Sofia lag op het bed en werd bevangen door een plotselinge angst. Stel je voor dat ze zwanger was? Het kon niet waar zijn, dacht ze, opnieuw de gedachte wegwuivend. Ze hadden niet één keer zonder condoom de liefde bedreven. Bovendien was het wetenschappelijk aangetoond dat condooms negenennegentig procent veilig waren. Nee, ze kon gewoon niet zwanger zijn. Maar toch voelde ze de angst in haar hart en ze huiverde bij de gedachte dat zij tot die ongelukkige één procent behoorde.
Dokter Ignacio Higgins was al jaren de huisarts van de familie Solanas en had alles, variërend van Rafaels blindedarmontsteking tot Panchito’s waterpokken, meegemaakt. Hij glimlachte geruststellend naar Sofia en nadat hij eerst met haar over haar vakantie had gepraat, begon hij haar te onderzoeken. Hij stelde haar vragen, waarna hij veelbetekenend knikte bij elk antwoord dat ze gaf. Toen ze een ernstige frons zag verschijnen op het oude, gerimpelde gezicht en zijn grijns plaatsmaakte voor een diepbezorgde uitdrukking, voelde ze haar hartslag versnellen en was ze het liefst in huilen uitgebarsten.

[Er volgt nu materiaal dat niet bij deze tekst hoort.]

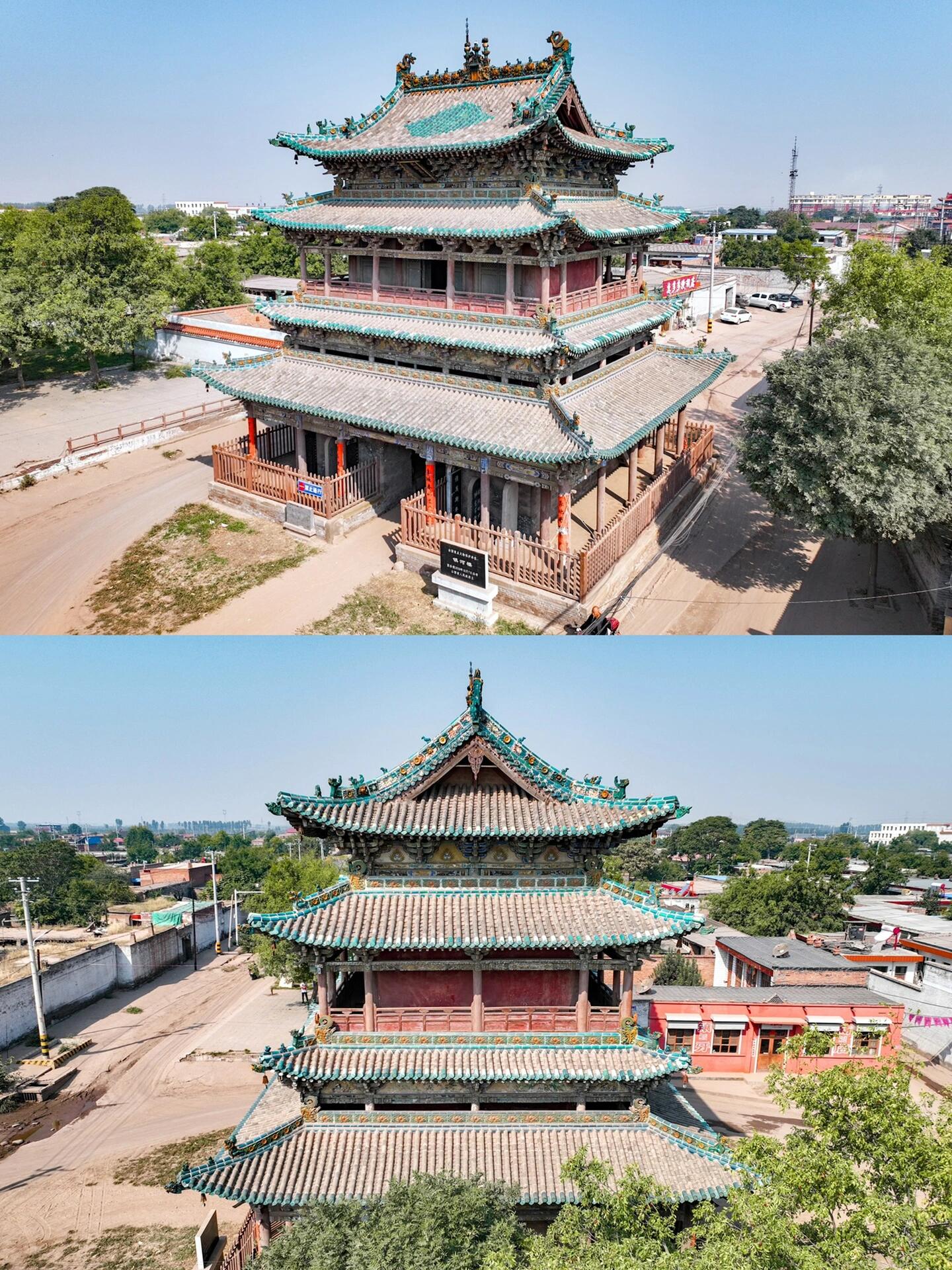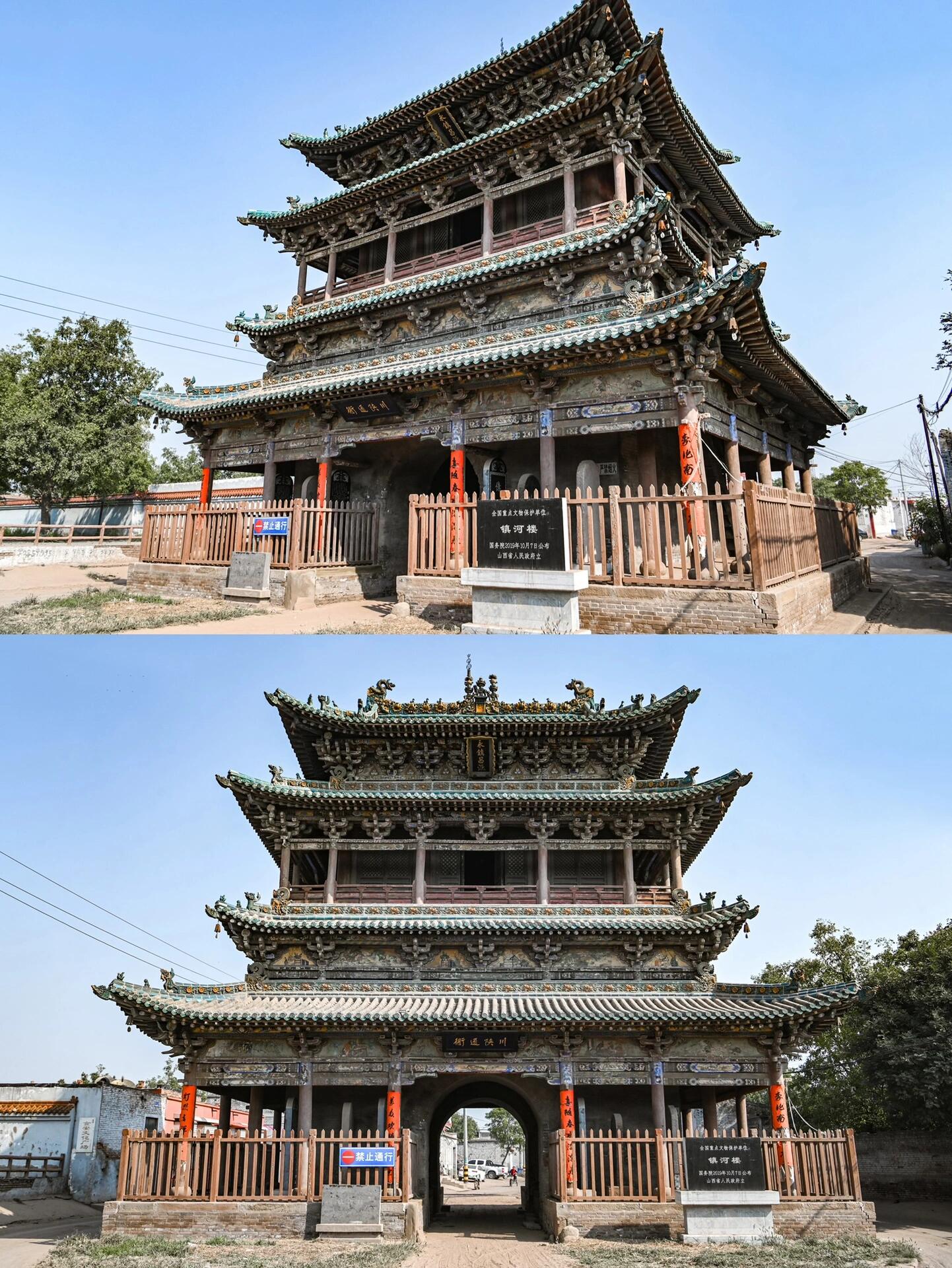 可黄土这东西,从来都不挑食。它先埋了古道上的车辙,再埋了商号的招牌,最后连镇河楼的台基都给裹了半尺厚。现在你去看,楼还是那座楼,18米的高度往天上戳着,只是砖缝里钻出的蒿草比琉璃瓦更惹眼。去年有群拍纪录片的年轻人扛着设备来,镜头扫过墙面时,发现那些清式彩画早被雨水泡得发乌,有块琉璃砖不知被哪个顽童抠走了,留下个黑洞洞的豁口,像老人缺了颗牙。当地老乡蹲在楼根下抽旱烟,说前几年有人来考察,说这楼的价值能抵三个平遥古城的角楼,可话音落了,考察队的车就卷着黄土走了,留下的只有墙上新刷的"文物保护单位"红漆,没多久就被风刮得褪了色。
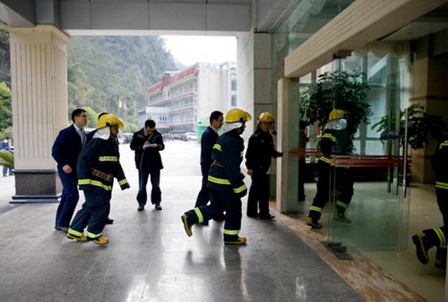 情況緊急,值班人員接到報警后立即向火災(zāi)事故應(yīng)急辦公室技術(shù)與安全部負(fù)責(zé)人報告,爾后又層層向公司現(xiàn)場值班領(lǐng)導(dǎo)、公司總經(jīng)理報告。總經(jīng)理指示立即成立火災(zāi)事故應(yīng)急救援指揮部,現(xiàn)場由熊宇負(fù)責(zé)指揮。按總指揮要求,現(xiàn)場指揮長命令:拉響警報器,啟動火災(zāi)事故二級應(yīng)急響應(yīng),疏散組快速組織接待中心大樓人員安全撤離,滅火行動組立即組織兼職消防隊員、義務(wù)消防隊員投入滅火戰(zhàn)斗......一道道緊急命令從指揮部發(fā)出,各應(yīng)急救援小組快速集結(jié),按公司火災(zāi)事故應(yīng)急預(yù)案有序開展救援行動。
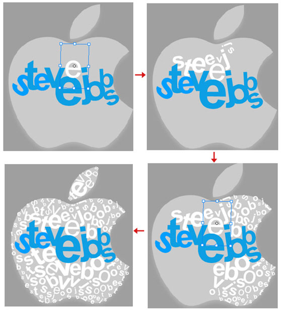 Select one letter to duplicate as mentioned above, but set color as "white" this time; Then modify its text as any letter from name Steve Jobs. Repeat this step to generate lots of letters to fill Apple logo, and set size and rotate angle as any you wish, but follow the rule of bigger size in the middle and smaller around gradually.
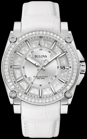 From the Icon collection, this watch is an astonishing interpretation of modern design, powered by Bulova's most advanced Precisionist movement technology. Featuring angular lines and pronounced facets, the 40mm silver stainless steel case is adorned with a hand-set bezel of 52 dazzling full-cut 1.5mm diamonds totaling 0.79 ct. The case is equipped with a curved sapphire crystal and is water-resistant to 100m. A radiant silver dial presents a grooved texture and is segmented by applied silver indices, with silver hands filled with luminescent material. The large seconds hand features the signature "P" counterweight, denoting the Bulova Precisionist movement powering the watch. The Precisionist movement is a revolutionary 8-jewel quartz mechanism accurate to 5 seconds per month and offering enhanced resistance to temperature changes. The design is completed by a white crocodile-grain leather strap with a push-button deployant clasp. Embrace a new level of elegance with this stunning watch from the Bulova Icon collection.
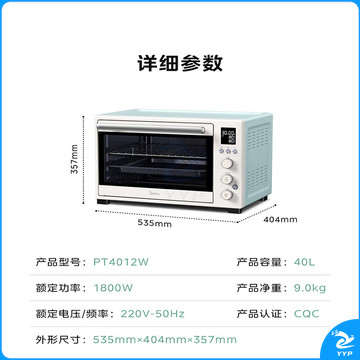美的(Midea)家用多功能热风电烤箱遇见系列PT4012W 40L大容量/精准控温/搪瓷内胆/热风循环
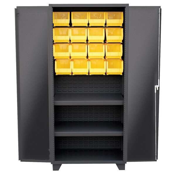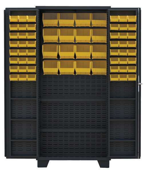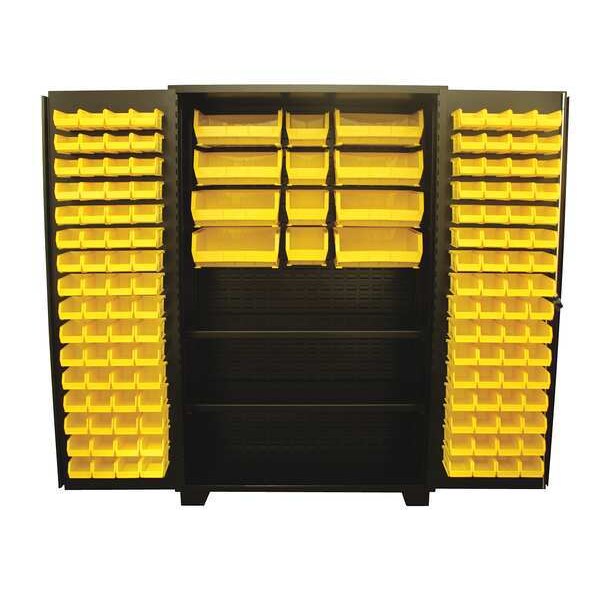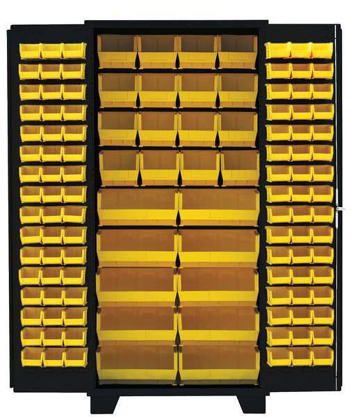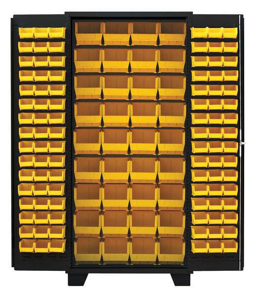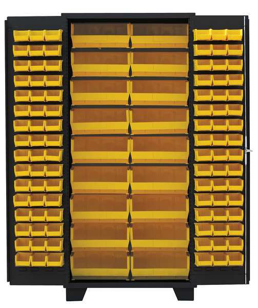 Extra-Heavy Duty Bin Cabinet, 48 in W, 78 in H, 24" D, 140 BinsSKU G9945722CategoriesDescription Bin Cabinet, Base Type Legs, Bin Color Yellow, Bin HxWxD (128) 3 in x 4 1/8 in x 7 1/2 in, (4) 7 in x 8 1/4 in x 11 in, (8) 7 in x 16 1/2 in x 14 3/4 in, Cabinet Color Black, Cabinet Storage Components Bins, Shelves, Door Type Flush, Frame Assembled Assembled, Mobility Stationary, Number of Bins 140, Number of Cabinet Bins 12, Number of Door Bins 128, Number of Shelves 2, Overall Depth 24 in, Overall Height 78 in, Overall Width 48 in, Vertical Shelf Clearance (2) 2 1/2 ingraingerSKU: 18H144, mscSKU: , zoro_no: G9945722, mongo_id: 65bbe8b222d7a989a990c595
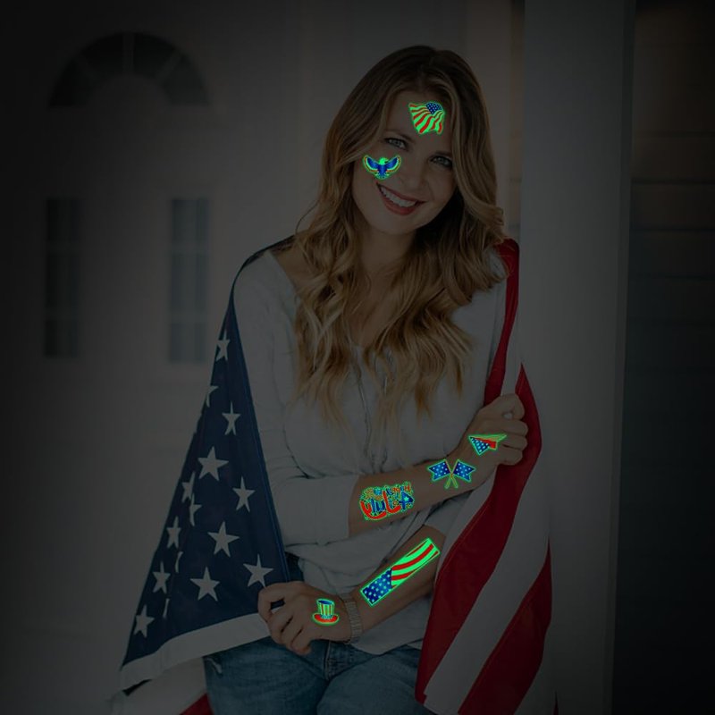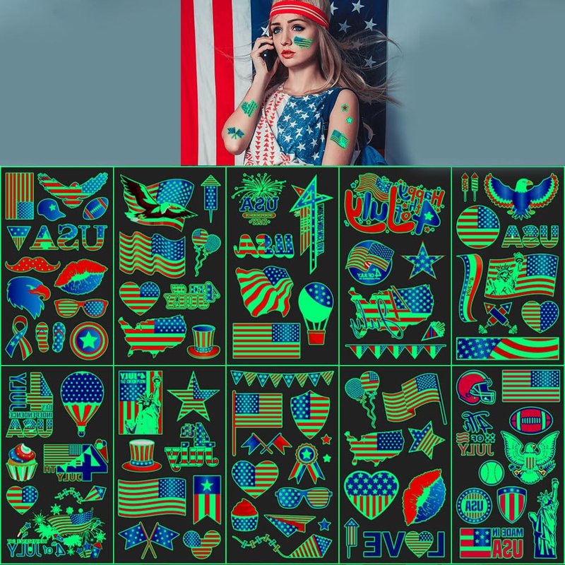 - - Content: includes 10Sheets glow tattoos measuring 4.8in*2.7in, making them perfect party accessories for 4th of July celebrations.

‘O dokter Higgins, laat het alsjeblieft niks ernstigs zijn,’ smeekte ze, terwijl haar grote, hazelnootbruine ogen zich met tranen vulden omdat ze eigenlijk het antwoord al wist. Waarom had hij haar anders naar haar menstruatiecyclus gevraagd?
Dokter Higgins nam haar hand in de zijne en schudde zijn hoofd, terwijl hij intussen met zijn duim liefdevol over haar hand streek. ‘Sofia, ik vrees dat je zwanger bent.’ Hij wist dat ze niet getrouwd was en omdat hij al zo lang hun huisarts was, wist hij ook hoe de familie zou reageren op een buitenechtelijke zwangerschap, vooral bij een meisje van pas zeventien jaar.
Zijn woorden benamen haar de adem en het leek alsof haar maag naar beneden werd gedrukt, net als wanneer ze in de auto over een steile helling reed. Haar vader zei dan altijd dat ze haar buik had verloren. Nu zou ze wel willen dat ze haar buik verloren had. Langzaam liet ze zich terugzakken in de kussens. Die vervloekte één procent, dacht ze somber, terwijl ze in gedachten de lange middagen van liefde zag wegstromen als water door een afvoerleiding.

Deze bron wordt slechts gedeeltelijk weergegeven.